# Happy Thankgiving



## jah (Oct 28, 2008)

I want to wish everyone a Happy and Safe Thankgiving


----------



## Leslie (Apr 7, 2008)

Thank you! You have a wonderful day...

L


----------



## Dori (Oct 28, 2008)

Happy Thanksgiving to all you fine folk.

May your stuffing be tasty,
Your turkey be plump,
May your potatoes and gravy have nary a lump.


----------



## Suzanne (Nov 3, 2008)

For non-Pittsburgers, that's chipped ham (we love that stuff), pierogies & Iron City Beer. 

Happy Thanksgiving!


----------



## Betsy the Quilter (Oct 27, 2008)

My father was from just outside Pittsburgh, near Uniontown...they drank Rolling Rock.  Ponies.


----------



## Guest (Nov 26, 2008)

Rolling Rock is pretty much the only beer I drink.

This will be the first Thanksgiving I haven't worked in five years. Sadly, our Thanksgiving was last Saturday... when I _was_ working. LR has to work tonight and tomorrow night. So I'll be home alone for Turkey Day.


----------



## SongbirdVB (Nov 18, 2008)

Happy Thanksgiving, all.

I'll be spending Thanksgiving with the one I love.  But then my husband will make me stop reading and go to my mother's house.  Poo.


----------



## Betsy the Quilter (Oct 27, 2008)

LOL!



Betsy


----------



## sebat (Nov 16, 2008)

*Happy Thanksgiving!!!*



Bacardi Jim said:


> Rolling Rock is pretty much the only beer I drink.


Rolling Rock and Dos Equis for me.
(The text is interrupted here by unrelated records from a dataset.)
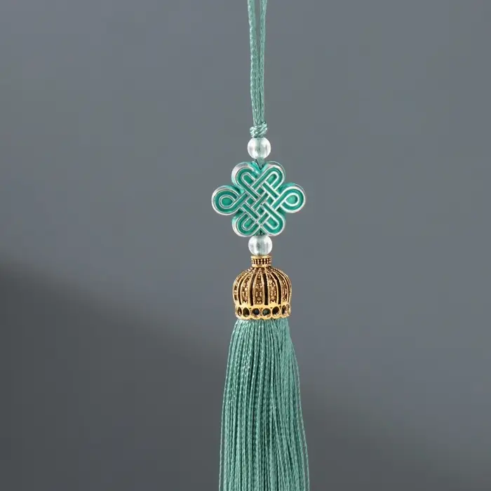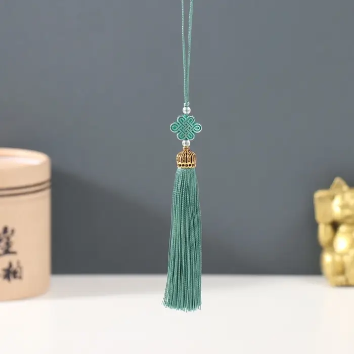 Подвеска текстиль, пластик "Узел счастья и бесконечности" зеленый 0,7х1х9,5 см
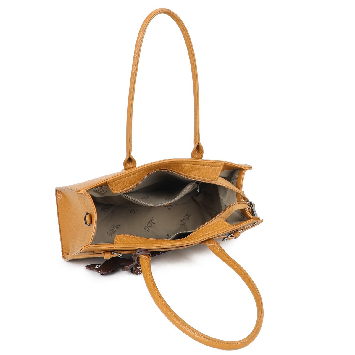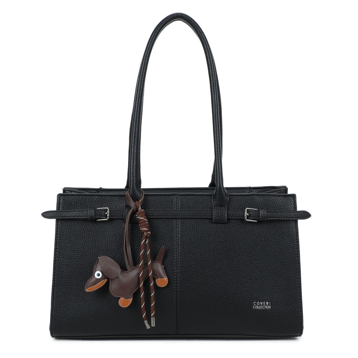 Τσάντα Δερματίνη Coveri μεγάλη ώμου ορθογώνια με δύο αγκράφες και διακοσμητικό κρεμαστό σκυλάκι. Διαθέτει τσέπες εσωτερικά, εξωτερικά στην πίσω πλευρά. Διαθέτει λουρί που αυξομειώνεται για χιαστί. Διάσταση: Πλάτος 36 Χ Ύψος 21Χ Πάτος 14
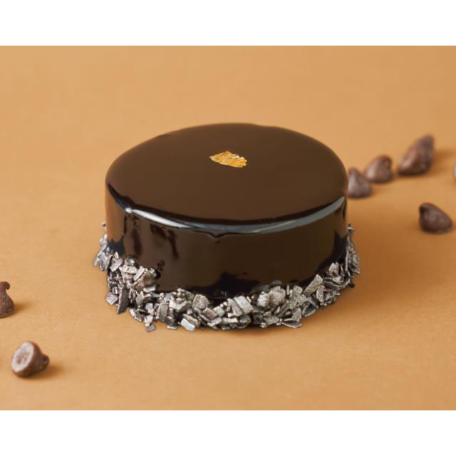 Pastelito de chocolate amargo con una base de praliné crujiente de avellana, mousse de chocolate blanco, terminado con un glaseado de cocoa.
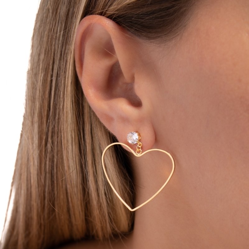Brinco Ponto de Luz Coração Vazado:\"Delicadeza e brilho em um design romântico com coração vazado e ponto de luz.\"

I drink others but those are my favorites.


----------



## Guest (Nov 26, 2008)




----------



## Sailor (Nov 1, 2008)

Vampyre said:


> http://brainfuel.tv/postimages/big_bird_thanksgiving.jpg
> [/quote]
> 
> [color=navy]Oh, my...THAT is BIG BIRD!! I don't know whether to laugh to say ewwwww![/color]


----------



## Sailor (Nov 1, 2008)

I want to wish all my Kindle Family, a very Happy Thanksgiving.

May you enjoy, good family and friends, and be Thankful for everyone there...enjoy them, they are a treasure.
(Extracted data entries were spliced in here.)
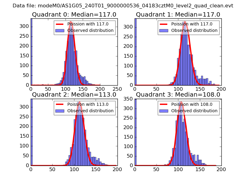 Red curve is a Poisson curve with rate = median count rate of data. |
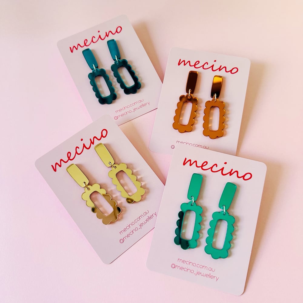 These chic acrylic earrings feature a playful scalloped drop design, available in a range of vibrant mirrored acrylic colours.
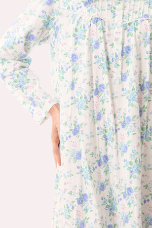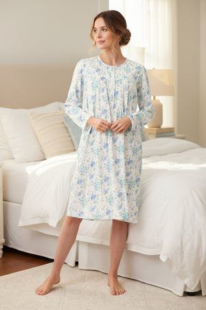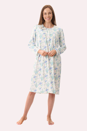 Short nightie in Ivory with "Xion" floral print in tones of blues, pinks and green on 100% cotton knit jersey. This nightie has long sleeves, a vee shaped yoke with lace, and pintucks either side of the button placket. Soft gathers fall from the yoke to the front skirt. The neckline has a narrow self frill.
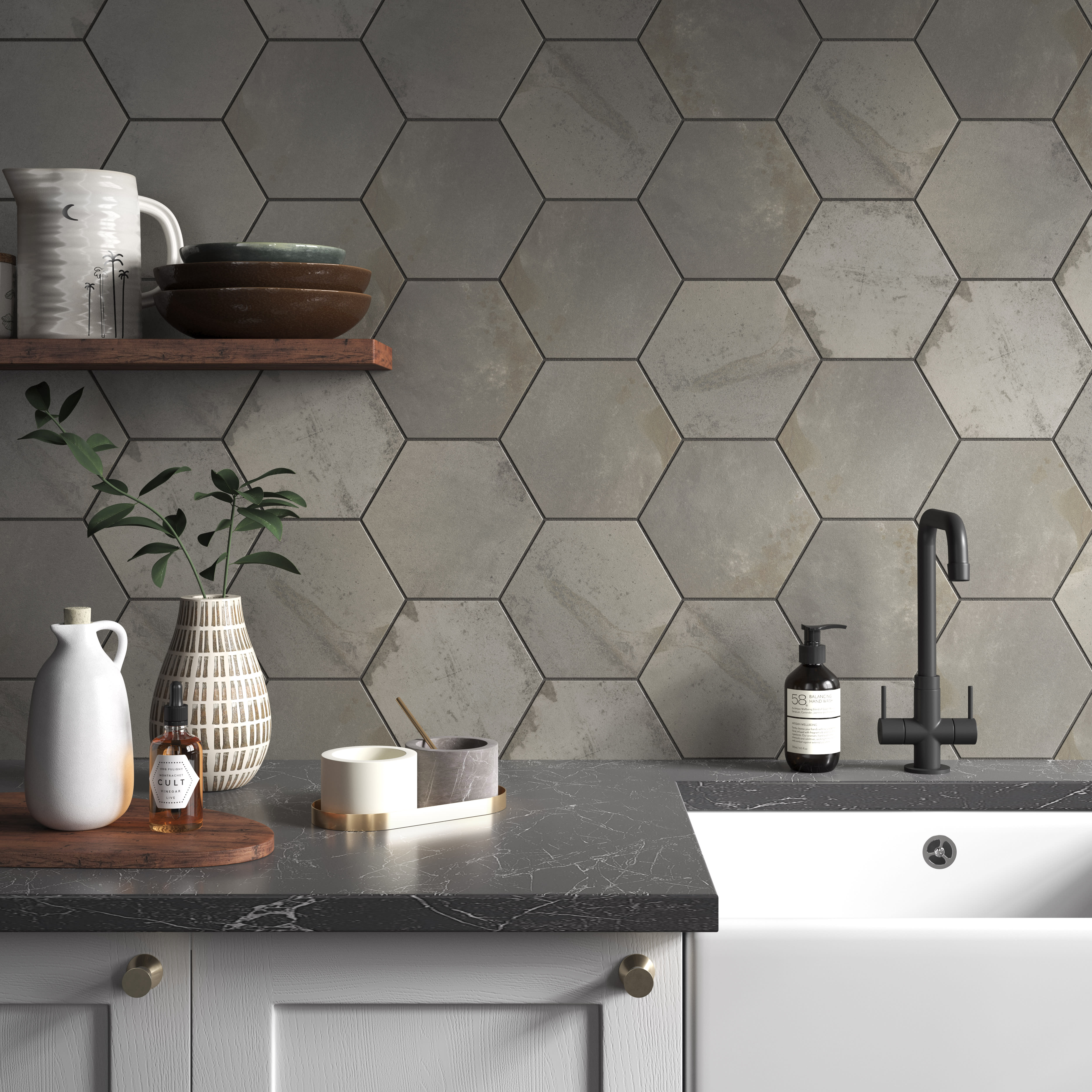 Wickes Boutique Hive Steel Matt Porcelain Wall & Floor Tile - 202 x 175mm

I will be off the boards for a bit (okay, I can hear the hoorays ) vacationing, and I'll be back in a few days to bug you
all again...oh, that is BJ's job...well, I'll be back again anyways 

Peace

--sailor


----------



## Guest (Nov 27, 2008)

sailor said:


> Oh, my...THAT is BIG BIRD!! I don't know whether to laugh to say ewwwww!


Yep. It's one of my favorite Thanksgiving cartoons/jokes. Wait til Christmas gets here ...heheheheheheheee!


----------



## sebat (Nov 16, 2008)

sailor said:


> Oh, my...THAT is BIG BIRD!! I don't know whether to laugh to say ewwwww!


He's kind of old. I bet he's tough.


----------



## chynared21 (Oct 28, 2008)

Suzanne said:


> For non-Pittsburgers, that's chipped ham (we love that stuff), pierogies & Iron City Beer.
> 
> Happy Thanksgiving!


*That picture may have scarred me for life  I'm glad that you explained what it was ;-p*


----------



## chynared21 (Oct 28, 2008)

Vampyre said:


>


*Oh nooooooo....Big Bird 

Have a great vaca Sailor ))*


----------



## Leslie (Apr 7, 2008)

Betsy the Quilter said:


> My father was from just outside Pittsburgh, near Uniontown...they drank Rolling Rock. Ponies.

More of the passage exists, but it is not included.